養子縁組機関のホルト児童福祉会(以下、ホルト)では1日、「養子縁組で海外に渡った児童の後見人義務などを放棄したことに対し、1億ウォン(約1000万円)を賠償せよ」という裁判所の判決に控訴することを発表した。ソウル中央地裁は先月、1979年に養子縁組で米国に渡ったシン・ソンヒョク(米国名:アダム・クラプサー)氏がホルトを相手取り起こした損害賠償請求訴訟で、シン氏の訴えを認めた。韓国の裁判所が養子縁組機関の責任を認めた初めての判断だ。ホルト側は1日、「後見人の義務は(児童の)米国到着後、終了する」と主張した。
韓国戦争(朝鮮戦争)以降、本格化した韓国の海外養子縁組の中心にはホルトがあった。1958年から昨年までの65年間で韓国から海外に渡った養子は公式統計だけで17万人いる。このうち45%を超える約7万7000人がホルトの養子縁組によるものだ。韓国は世界で最も多くの児童を海外に送り出している国だ。児童保護に関する非政府組織(NGO)団体「国際社会サービス(ISS)」の昨年の発表によると、韓国は2020年に266人を養子縁組で海外に送り出しており、これはコロンビア(387人)、ウクライナ(277人)に続く世界第3位の記録だという。主要8カ国(G8)入りを狙う韓国だが、ウクライナに次いで多くの児童を海外に送り出しているのだ。韓国政府関係者は「韓国は今、合計特殊出生率が世界最低を記録するなど、海外から労働力を輸入しなければならない状況にあるが、韓国の子どもたちを海外に送り出している」「血縁重視の文化などが原因とみられる」と語った。

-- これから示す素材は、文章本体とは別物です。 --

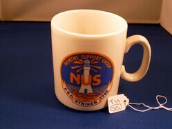Scope and ContentNational Union of Seamen, Womens Support Group mug. Front: Circular badge with a lighthouse on rocks. Text above in yellow - ' Womens Support Group. NUS'. Text below in blue - 'P&O Striker 1988'.

ホルトを設立したハリー・ホルト氏(1905-1964年)は1954年、韓国戦争に参戦した米軍兵士を父親に持つ私生児たちの記録映画を見て、養子縁組を決心した。既に1男5女がいたが、米国人と韓国人の間に生まれた子どもなど戦争孤児8人を養子に迎えた。ホルト夫妻は1956年、ソウル市西大門国に現在のホルトの母体となる「ホルト氏海外養子会」を設立した。
ホルトは外国人と韓国人の間に生まれた子どもを海外で養子縁組した。1950-60年代の韓国では児童福祉に期待することはできなかった。1961年に路上生活していた子どもは公式統計だけで4453人いた。米軍兵士と韓国人女性の間に生まれた子どもは1300人を超えた。韓国が経済的に苦しかった1970年代まで、海外養子縁組は養育を放棄された子どもたちが現状から脱出するための突破口であり、ホルトはその中核となる役割を果たした。
海外養子縁組は戦争や災害などの特殊状況下で短期間行われ、社会が安定するにつれて減少していくのが一般的だ。ところが、韓国は休戦から30年たった1980年代半ばに海外養子縁組がピークに達した。1985年には8837人が海外に送られた。これは出生児100人に1.3人に相当するもので、世界でも類を見ない数字だ。これは当時の韓国政府が海外養子縁組の門戸を開放し、養子縁組機関が競い合った結果だと分析されている。1985年の韓国の合計特殊出生率は1.67で、出産奨励策を開始しなければならない状況だった。だが、2002年に出生率が1.18と超少子化社会に突入した後も、2365人の児童が海外に渡った。
1980年代、ホルトの養子縁組担当職員の月給は25万ウォン(現在のレートで約2万6000円)程度だった。しかし、海外養子縁組すれば、1人当たり手数料300万ウォン(約32万円)を受け取ることができた。このため、「養子縁組で金もうけしているのではないか」という批判の声も上がった。養子縁組で海外に送り出す人数に重点を置いていたため、養父母にふさわしいかどうかの確認など、後見人としての義務をきちんと果たさなかったという指摘も絶えず取りざたされた。
2000年代に入ると、養子たちが自ら「虐待」などの被害を訴えるようになった。今年2月の国家人権委員会の発表によると、韓国から養子縁組で海外に渡った人の3人に1人が「虐待」を受けたという。また、8人に1人は「性的虐待」を告白した。最も代表的な問題は「代理養子縁組(proxy adoption)」だった。2012年まで養父母たちは養子を連れて行くために韓国に来る必要がなかった。書類で見た子どもたちを、留学生などの代理人が養父母に引き渡すことができた。養子縁組機関が養父母を直接確認せず、「資格や適性が不十分な養父母」による養子縁組が相次いだ。
世界のほとんどの国では公共機関が養子縁組を担っている。ところが、韓国はホルトのような民間機関に海外養子縁組を主導させている。2012年の改正養子縁組特例法の施行以降は家庭裁判所が養子縁組許可を決定することになったが、それまでは民間機関が韓国の子どもの海外養子縁組を決めていた。